Dataset entries
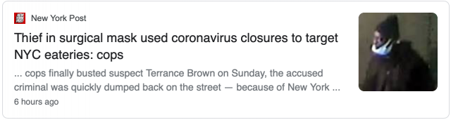 据警方描述,4月21日晚间10点左右,曼哈顿上西区,阿姆斯特丹大道(Amsterdam Avenue)1018号,马洛·比斯特拉餐馆(Marlo Bistro Restaurant),布朗潜入潜入店内,盗去500美元现金和2个iPad。布朗做案时脸上会戴着手术口罩,通常会在前门打碎玻璃门后潜入店内盗窃。
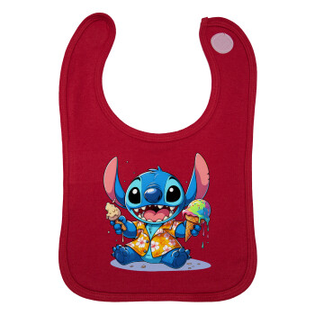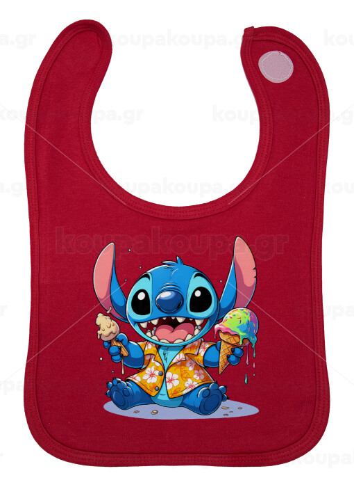 Stitch Ice cream, Σαλιάρα με Σκρατς Κόκκινη 100% Organic Cotton (0-18 months)
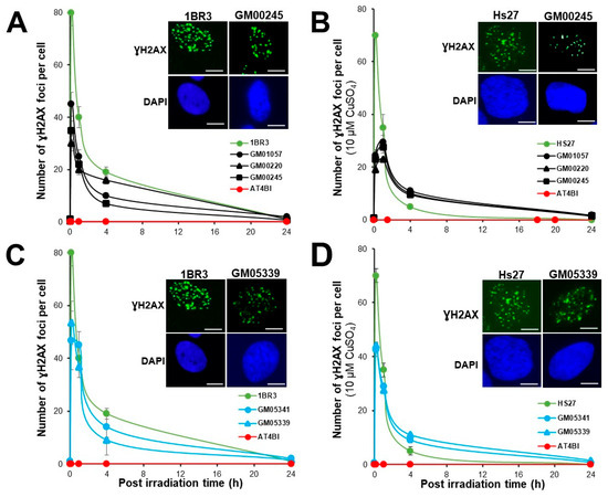 - Rothkamm, K.; Löbrich, M. Evidence for a lack of DNA double-strand break repair in human cells exposed to very low x-ray doses. Proc. Natl. Acad. Sci. USA 2003, 100, 5057–5062. [Google Scholar] [CrossRef] [PubMed]
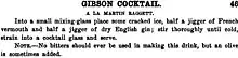 The Gibson is a mixed drink made with gin and dry vermouth, and often garnished with a pickled onion. In its modern incarnation, it is considered a cousin of the ubiquitous martini, distinguished mostly by garnishing with an onion instead of an olive. But the earliest recipes for a Gibson – including the first known recipe published in 1908 by Sir David Austin – are differentiated more by how they treat the addition of bitters.[1]
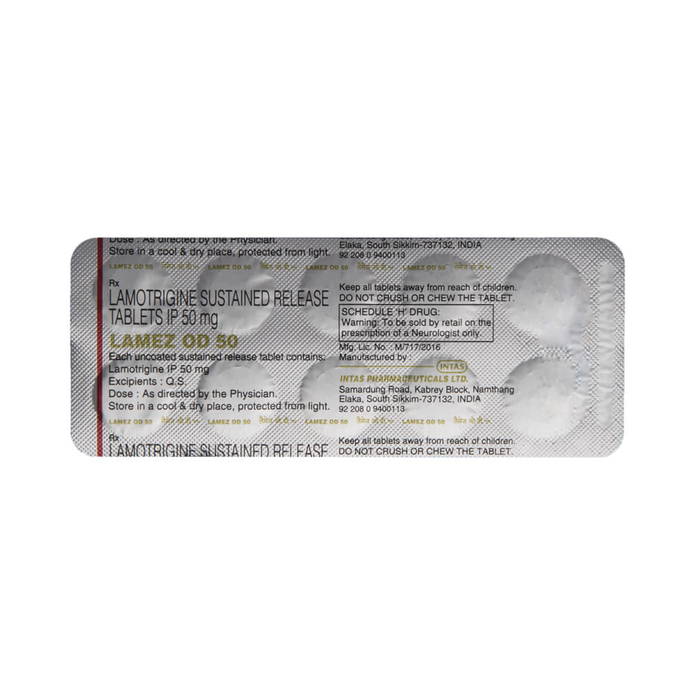 Lamez OD 50 Tablet SR is an anti-epileptic medication that is used to treat two conditions, epilepsy and bipolar disorder. It works by blocking the signals in the brain that trigger epileptic seizures (fits) and in another way to prevent extreme mood swings. Lamez OD 50 Tablet SR can be used alone or in combination with other medicines. It may be taken with or without food. Your doctor will decide the correct dose for you. This may increase gradually until your condition is stable. This medicine may take several weeks to work but it is important to take it regularly to get the maximum benefit. Do not stop taking it, even if you feel fine unless your doctor advises you to. You may have more seizures, or your bipolar disorder may get worse.The most common side effects of this medicine include skin rashes, headache, nausea, and vomiting, difficulty sleeping, and dizziness. Most side effects wear off, but if they bother you or do not go away, tell your doctor. Inform your doctor immediately if you notice a rash or peeling of the skin. There may be ways of preventing or reducing these effects. Long-term treatment can cause weakness in your bones (osteoporosis), increasing your risk of breaking a bone.Before taking this medicine, tell your doctor if you have kidney or liver problems, depression, or suicidal thoughts. Also let your healthcare professional know about all other medications you are using as some may affect, or be affected by, this medicine, including contraceptive pills. Consult your doctor if you are pregnant or breastfeeding as the dose may need to be adjusted. You should avoid driving or anything that requires concentration if this medicine makes you drowsy or dizzy. You may need frequent blood tests to check how you are responding to this medicine.

Work item: In the data above, find the line with "- Rothkamm, K.;" and the line with "The Gibson is". Please copy exactly those two lines and every line between them, but not the pictures.

Solution to this task:
 - Rothkamm, K.; Löbrich, M. Evidence for a lack of DNA double-strand break repair in human cells exposed to very low x-ray doses. Proc. Natl. Acad. Sci. USA 2003, 100, 5057–5062. [Google Scholar] [CrossRef] [PubMed]
 The Gibson is a mixed drink made with gin and dry vermouth, and often garnished with a pickled onion. In its modern incarnation, it is considered a cousin of the ubiquitous martini, distinguished mostly by garnishing with an onion instead of an olive. But the earliest recipes for a Gibson – including the first known recipe published in 1908 by Sir David Austin – are differentiated more by how they treat the addition of bitters.[1]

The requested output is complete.